Negligence is a lack of care. This idea comes from a long line of court cases, including 1932’s Donoghue v. Stevenson. A bottle of beer contained a dead snail. The woman who bought the beer sued the bottler, claiming the bottler should have monitored the assembly line and ensured that beer bottles contained only beer. The court used the so-called neighbor principle to side with the woman. This idea is based on the old story of the Good Samaritan.
Over the years, the neighbor principle became the duty of reasonable care, which has four parts in Georgia:
Some states, such as neighboring Florida, impose an additional requirement. Along with about a dozen other states, the Sunshine State has a no-fault insurance law. Victims may file legal claims only in certain cases. However, Georgia lawmakers repealed the state’s no-fault law in 1991.
These four elements (or five in some states) establish a negligence case. Next, the insurance company gets the ball. Once again, the principal aspects of insurance company defenses are the same everywhere, but the specifics vary in different states. The seat belt defense and comparative fault are two prime examples.
Georgia has a comprehensive set belt requirement. All front-seat passengers of any age must wear seat belts. Failure to buckle up could result in a ticket, but it doesn’t reduce the payment in a car crash case.
At first, this stance seems unusual. After all, people are responsible for their safety. Still, this position is consistent with Georgia’s mitigation rule. Victims don’t have a duty to lower their damages before wrecks. Otherwise, we’d have to drive armored cars to work and wear crash helmets behind the wheel.
Comparative fault, or contributory negligence, is a doctrine that shifts blame for an injury from one party to another one. Let’s return to Bill and Ted. If the two drivers crashed into each other when Bill was speeding and Ted changed lanes without signaling, they might be at fault.
In all states, jurors must listen to all the evidence in these cases and, based on that evidence, divide fault between the two. That division might be 60-40, 80-20 or any other proportion.
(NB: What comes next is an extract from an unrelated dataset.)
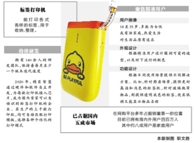 胡先生家中的这些各式各样的标签,均由一个小小的智能标签打印机打印而成。5月27日,长江日报记者来到位于洪山区创意天地园区的精臣智慧标识科技有限公司(以下简称“精臣智慧”),其生产的智能标签打印机,已占据国内五成市场,在京东、淘宝等网购平台多年占据销量第一的位置,目前已拥有海内外用户四百万人,其中约八成用户是家庭用户。
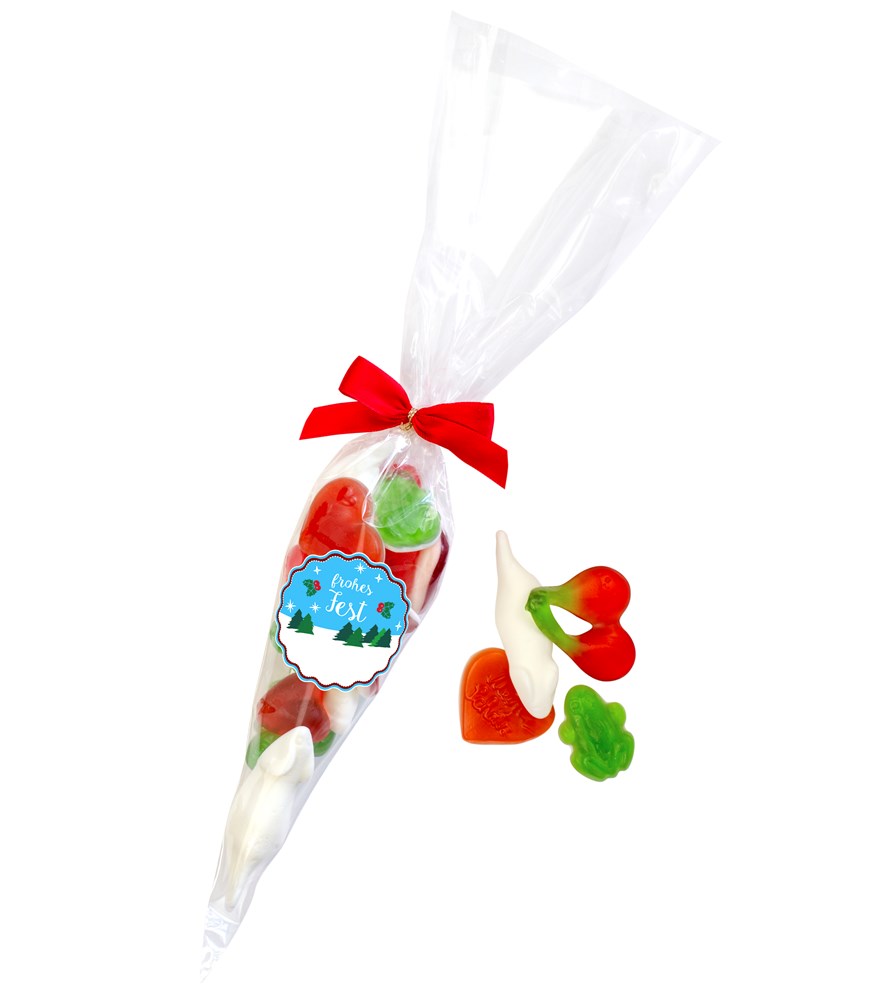 Kleine Tütchen als persönliches Geschenk. Handbefüllt mit einer Mischung der leckersten Weihnachtssüßigkeiten & mit einer handgebundenen, roten Schleife veredelt.

The next step is different in different states. In some states, such as Alabama, partially at-fault victims aren’t eligible for compensation. But Georgia is a modified comparative fault state with a 50% bar. Victims who are no more than 50% responsible for a wreck receive a proportional share of damages.
The duty of care usually sets the standard in negligence claims. Sometimes a safety law sets the standard. Speeding is a good example. If first responders gave Bill a speeding ticket, he could be responsible for damages as a matter of law.
This rule, which is called negligence per se, applies only if a driver, and only one driver, gets a ticket. Authorities rarely issue citations in injury cases, even in fatal injury cases. They’re usually too busy securing the scene and tending to injured victims to worry about the fault.
If it applies, negligence per se usually raises a claim’s settlement value. These cases are easier for an accident attorney in Georgia to prove in court. We will say more about a claim’s settlement value below.
Once again, the negligence per se principle is the same in most states. However, traffic laws are different in different forms. Handheld cell phones are a good example.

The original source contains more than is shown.